Extracted records
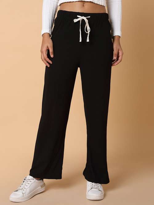 SHOWOFF Women's Flat Front Solid Black Trousers
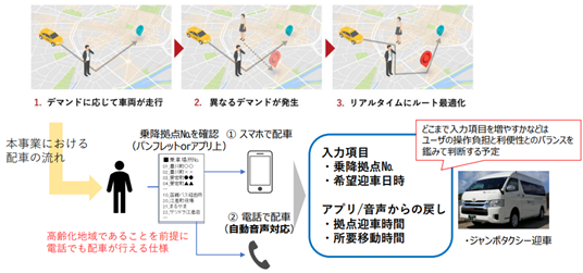 タクシー(デマンド交通)と路線バス(乗合交通)の長所を掛け合わせた、AIによるリアルタイムな便乗配車計算を行うサービス
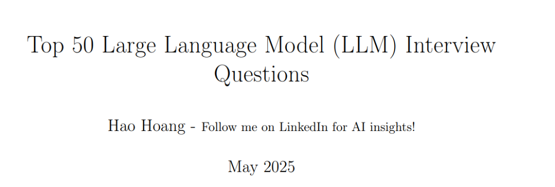 大型语言模型(LLMs)正在彻底改变人工智能,使从聊天机器人到自动化内容创建等应用成为可能。本文档汇总了50个核心面试问题,经过精心筛选,旨在加深您对LLMs的理解。每个问题都配有详细答案,结合了技术见解与实际示例。
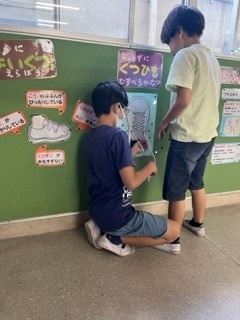 子どもたちが、靴ひもを結ぶ練習をしていました。
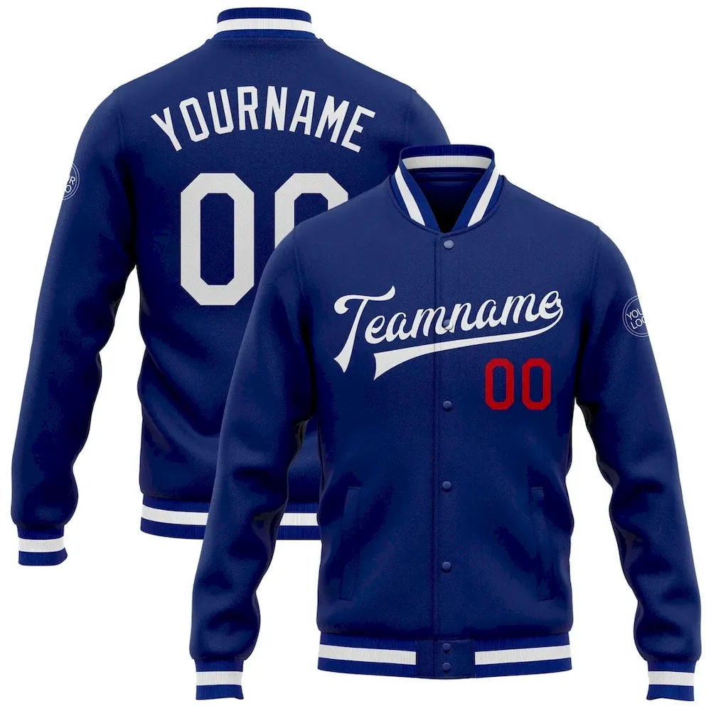 Custom Royal White-Red Bomber Full-Snap Varsity Letterman Jacket
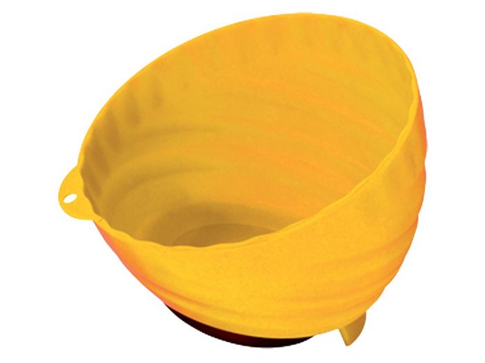 dílenská magnetická plastová miska žlutá na odložsní šroubů a nářadí,vysoká na šroubky pr.150mm, hluboká magnetická miska na dílnu i pro svislé použití na odkládání demontovaných dílů a nářadí
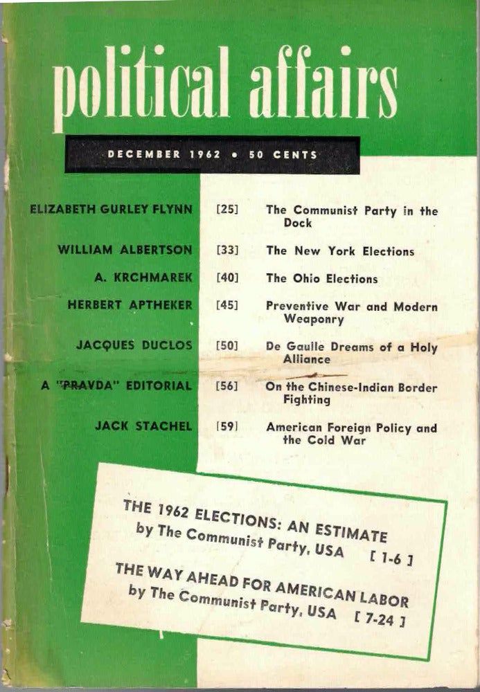 New York: New Century Publishers, 1962. Paperback. Very good. Paperback. 65pp. Rubbed and edgeworn, water stain in the bottom left corner, light soiling to the front, else very good in publisher's stapled wraps. "The 1962 Elections: An Estimate" by Communist Party, U.S.A., "The Way Ahead for American Labor" by Communist Party, U.S.A., "The Communist Party in the Dock" by Elizabeth Gurley Flynn, "The New York Elections" by William Albertson, "The Ohio Elections" by A. Krchmarek, "Preventive War and Modern Weaponry" by Herbert Aptheker, "De Gaulle Dreams of a Holy Alliance" by Jacques Duclos, "On the Chinese-Indian Border Fighting" a 'Pravda' Editorial, "American Foreign Policy and the Cold War" by Jack Stachel.
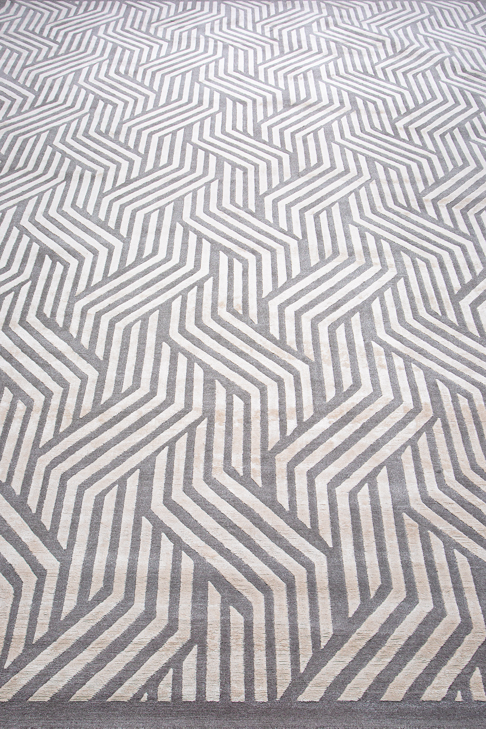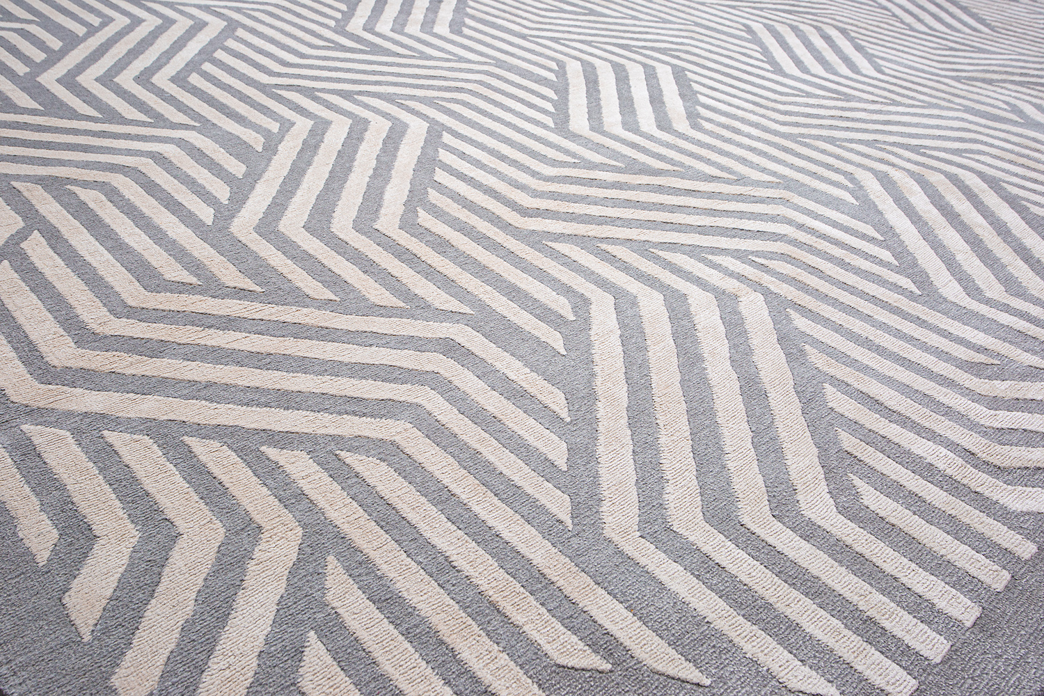 Крупные рисунки в виде линий и фигур на фактурной поверхности ковра превращаются в выразительные композиции. Они акцентируют на себе внимание и добавляют динамики в современный интерьер. Комбинации разных фигур и повторяющийся орнамент задают ритмическую основу пространству, привносят в него оригинальные оптические иллюзии.
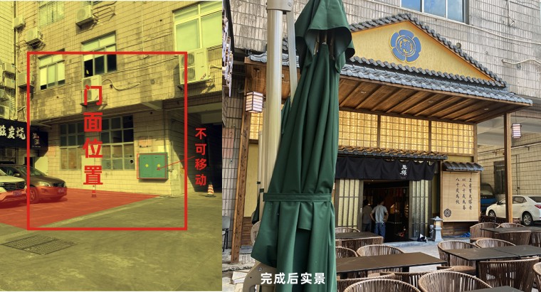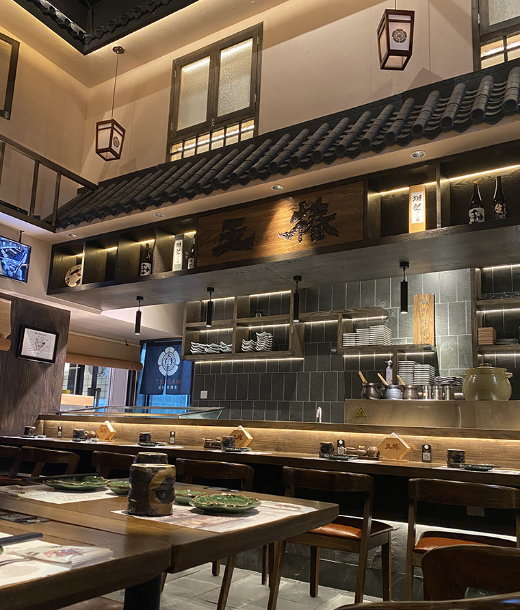 千年古都”。我們發現京都是日本古建筑保留最完整,古跡留存最多的城市,名勝古跡,數不勝數。玉椿要傳達京都味道,地域文化就是美食地道的證明。我們從門頭開始到天花吊頂、地面鋪設、墻面涂料、燈光、家具等各方面圍繞“
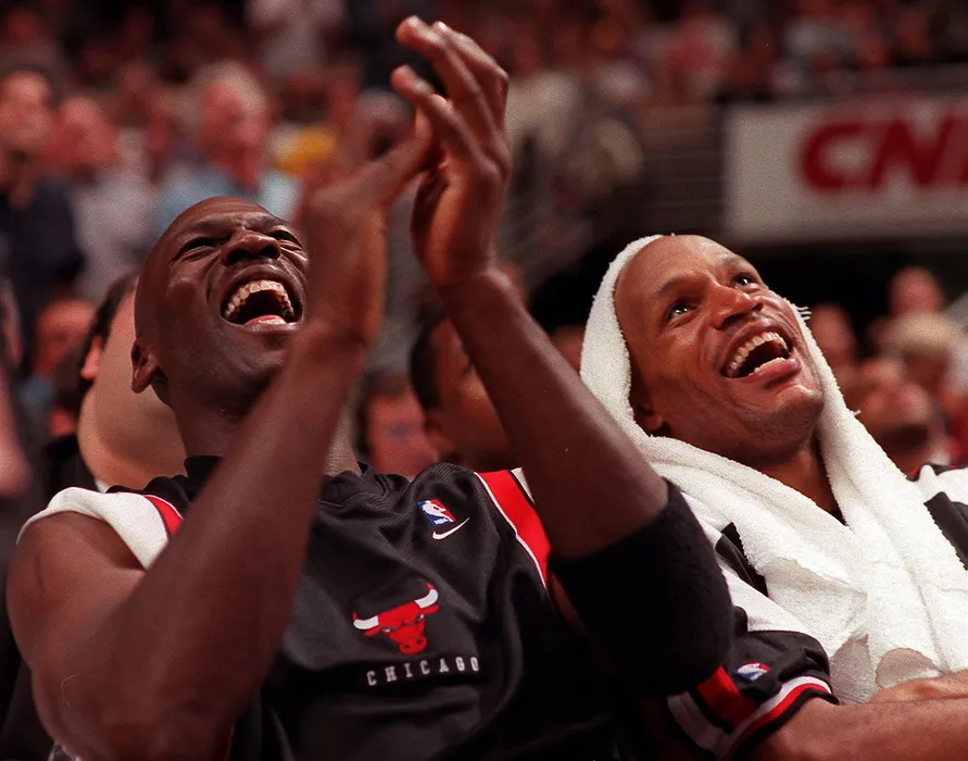 April 20, 2020, USA: Michael Jordan and Ron Harper are all smiles as a playoff game in 1998 winds down. (Credit Image: © TNS via ZUMA Wire)
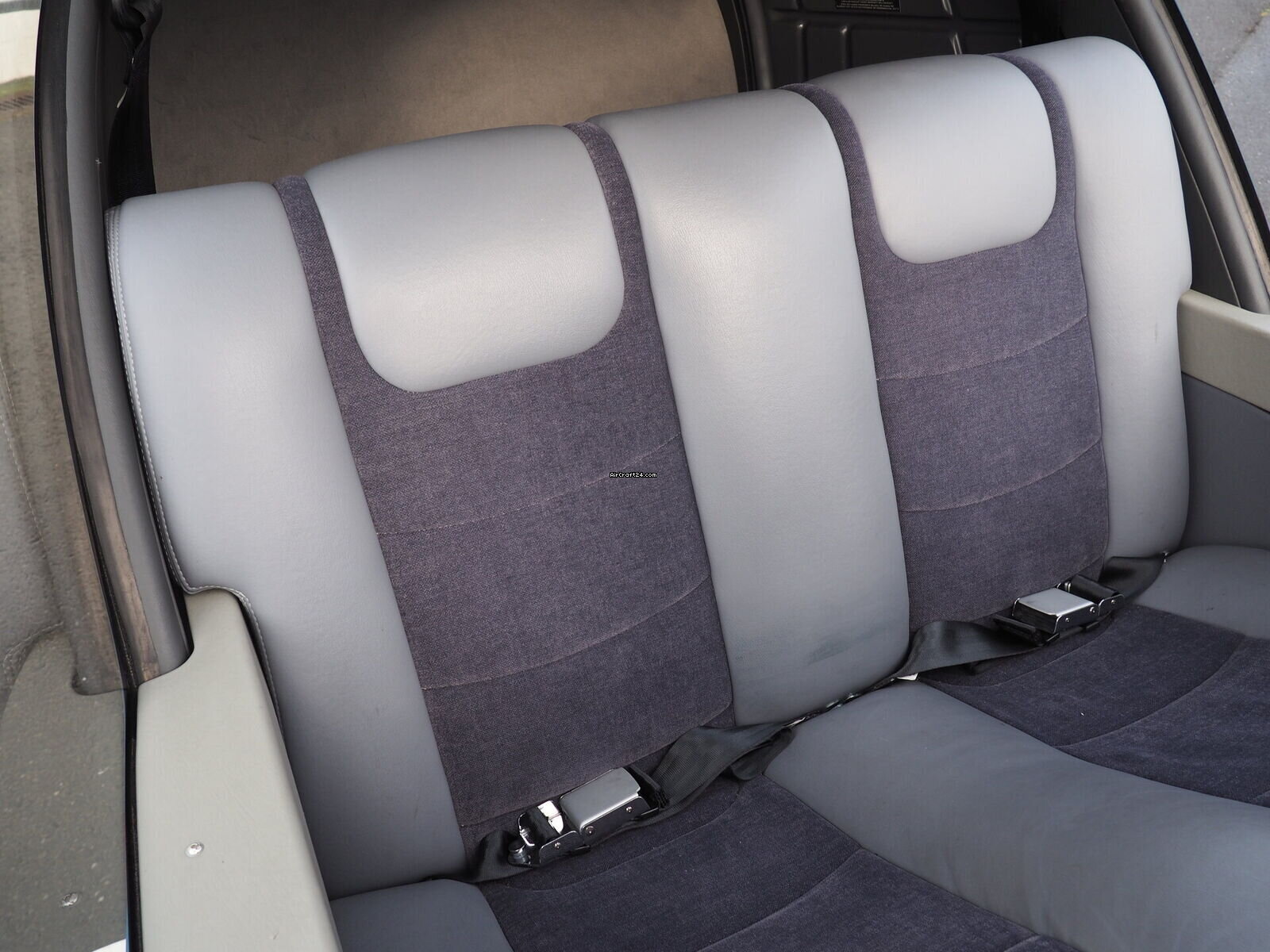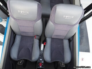 | Interior | | The cabin of this Robin DR-400 is a testament to thoughtful ergonomics and premium materials, offering a spacious four-seat configuration that ensures comfort for both pilot and passengers. The interior features a striking slate-grey and charcoal upholstery design. The seats are finished in a durable, high-quality fabric with light grey synthetic leather accents for a modern, automotive-style feel. |

→ Problem: The data must come back word for word, with every picture removed.

→ Solved problem:
 SHOWOFF Women's Flat Front Solid Black Trousers
 タクシー(デマンド交通)と路線バス(乗合交通)の長所を掛け合わせた、AIによるリアルタイムな便乗配車計算を行うサービス
 大型语言模型(LLMs)正在彻底改变人工智能,使从聊天机器人到自动化内容创建等应用成为可能。本文档汇总了50个核心面试问题,经过精心筛选,旨在加深您对LLMs的理解。每个问题都配有详细答案,结合了技术见解与实际示例。
 子どもたちが、靴ひもを結ぶ練習をしていました。
 Custom Royal White-Red Bomber Full-Snap Varsity Letterman Jacket
 dílenská magnetická plastová miska žlutá na odložsní šroubů a nářadí,vysoká na šroubky pr.150mm, hluboká magnetická miska na dílnu i pro svislé použití na odkládání demontovaných dílů a nářadí
 New York: New Century Publishers, 1962. Paperback. Very good. Paperback. 65pp. Rubbed and edgeworn, water stain in the bottom left corner, light soiling to the front, else very good in publisher's stapled wraps. "The 1962 Elections: An Estimate" by Communist Party, U.S.A., "The Way Ahead for American Labor" by Communist Party, U.S.A., "The Communist Party in the Dock" by Elizabeth Gurley Flynn, "The New York Elections" by William Albertson, "The Ohio Elections" by A. Krchmarek, "Preventive War and Modern Weaponry" by Herbert Aptheker, "De Gaulle Dreams of a Holy Alliance" by Jacques Duclos, "On the Chinese-Indian Border Fighting" a 'Pravda' Editorial, "American Foreign Policy and the Cold War" by Jack Stachel.
 Крупные рисунки в виде линий и фигур на фактурной поверхности ковра превращаются в выразительные композиции. Они акцентируют на себе внимание и добавляют динамики в современный интерьер. Комбинации разных фигур и повторяющийся орнамент задают ритмическую основу пространству, привносят в него оригинальные оптические иллюзии.
 千年古都”。我們發現京都是日本古建筑保留最完整,古跡留存最多的城市,名勝古跡,數不勝數。玉椿要傳達京都味道,地域文化就是美食地道的證明。我們從門頭開始到天花吊頂、地面鋪設、墻面涂料、燈光、家具等各方面圍繞“
 April 20, 2020, USA: Michael Jordan and Ron Harper are all smiles as a playoff game in 1998 winds down. (Credit Image: © TNS via ZUMA Wire)
 | Interior | | The cabin of this Robin DR-400 is a testament to thoughtful ergonomics and premium materials, offering a spacious four-seat configuration that ensures comfort for both pilot and passengers. The interior features a striking slate-grey and charcoal upholstery design. The seats are finished in a durable, high-quality fabric with light grey synthetic leather accents for a modern, automotive-style feel. |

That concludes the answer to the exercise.